PROVIDED INFORMATION section start
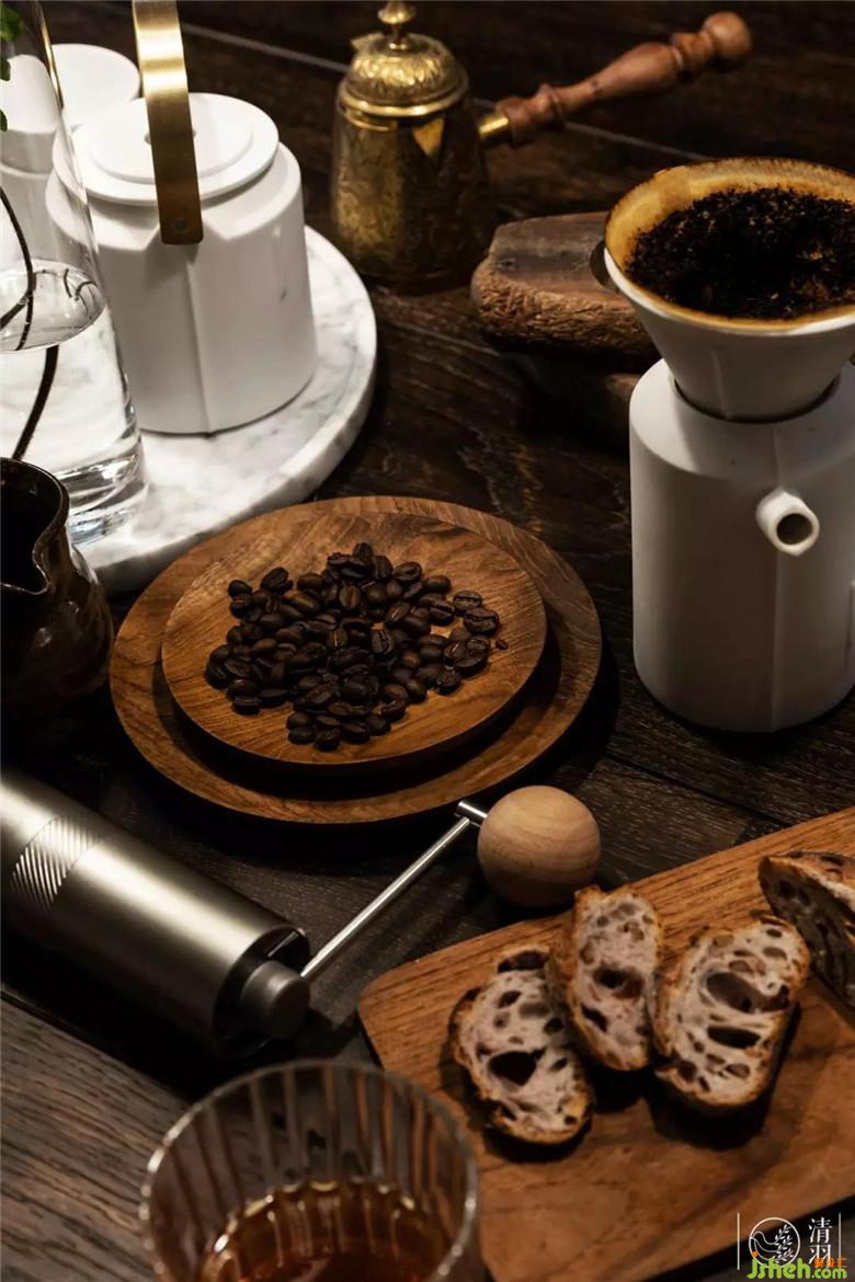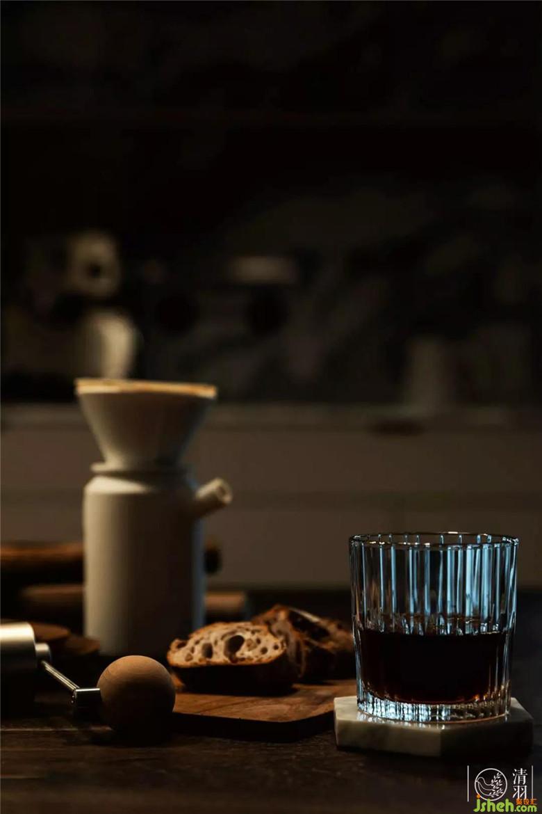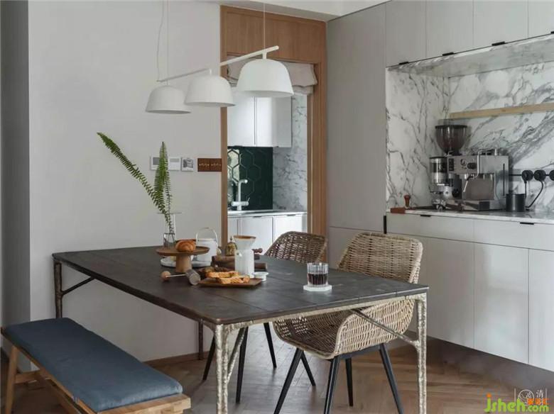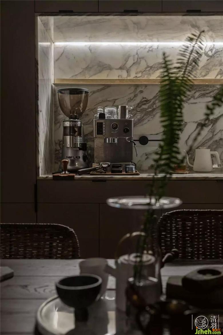 餐桌背后与厨房衔接的墙面,切割出一个嵌入式料理台,前卫而实用。放置上常用的咖啡机、手冲壶,方便日常使用的同时也再次强调了整个空间的“轻松休闲”感。
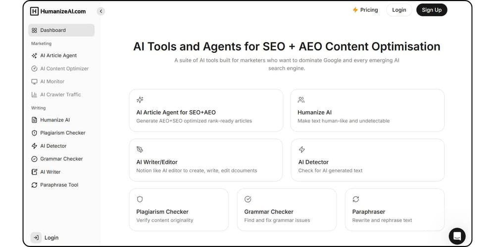 Its signature AI Humanizer tool achieves one of the highest detection-bypass accuracies in 2025, converting robotic AI text into authentic, human-sounding writing. Alongside that, the AI Article Agent crafts optimized articles ready for Google AI Overviews, ChatGPT, Gemini, Bing Copilot, and Perplexity visibility.
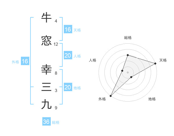 牛窓 幸三九さんを姓名の画数から五運を鑑定
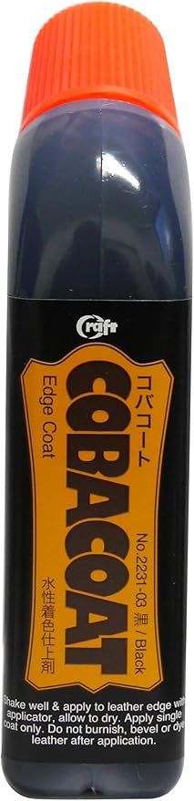 タンニン鞣し革・クロム鞣し革ともに使用できるコバの着色仕上げ剤です。
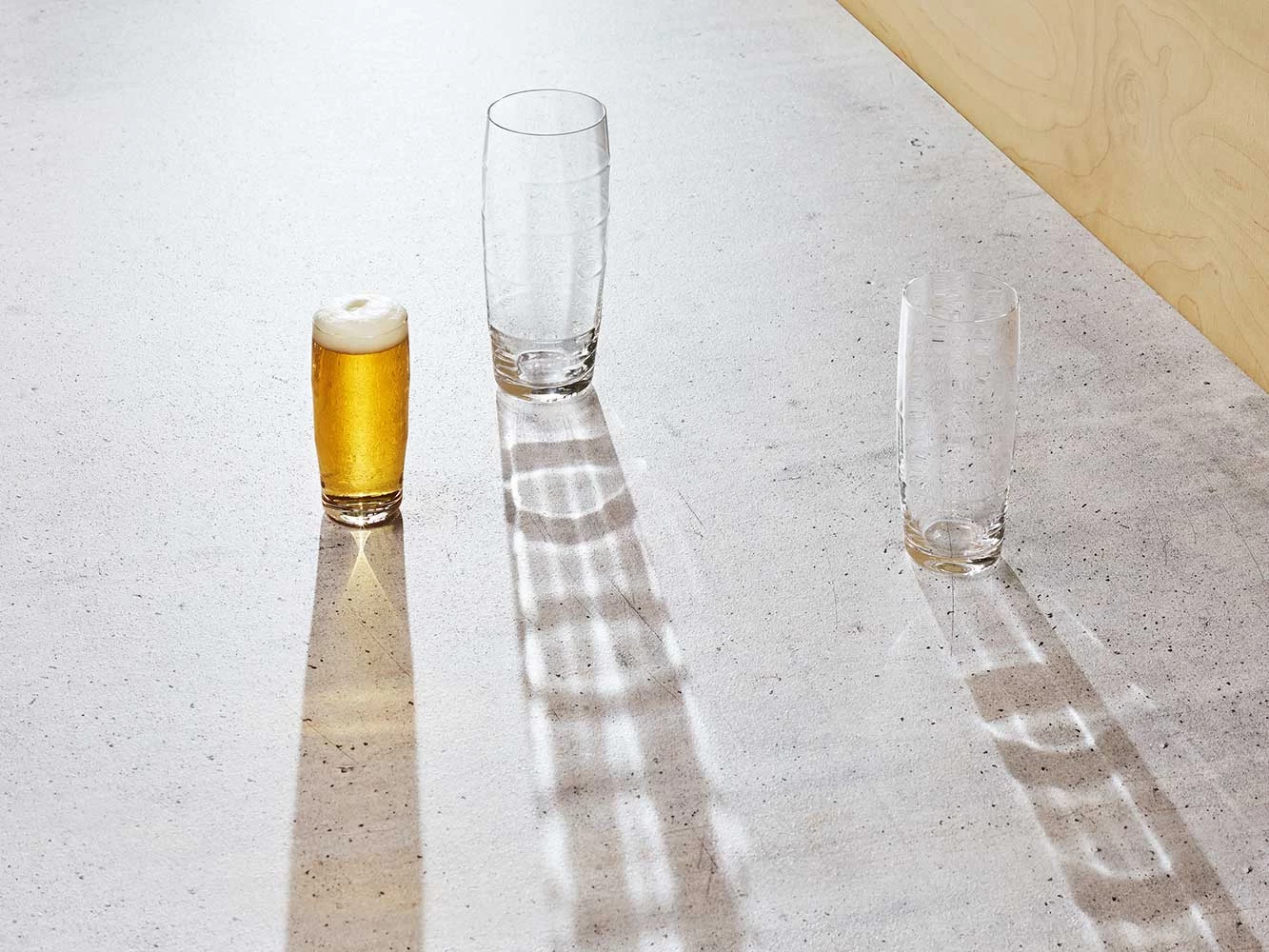 The Wiener Stutzen Optic Beer Tumblers by Lobmeyr combine the sturdy, masculine feel of the classic beer glass with the simplicity of a beer tumbler. Created by using the traditional European technique of optical molding, this tumbler features differences in wall thickness that give an artistic optical effect.
PROVIDED INFORMATION section end
### WHAT NEEDS TO BE DONE
What is needed is an exact copy of the lines from the one containing "タンニン鞣し革・クロム鞣し革ともに使用できるコバの着色仕上げ剤です。" through the last line of the records, with every picture left out.

### SOLUTION TO THE PROBLEM
 タンニン鞣し革・クロム鞣し革ともに使用できるコバの着色仕上げ剤です。
 The Wiener Stutzen Optic Beer Tumblers by Lobmeyr combine the sturdy, masculine feel of the classic beer glass with the simplicity of a beer tumbler. Created by using the traditional European technique of optical molding, this tumbler features differences in wall thickness that give an artistic optical effect.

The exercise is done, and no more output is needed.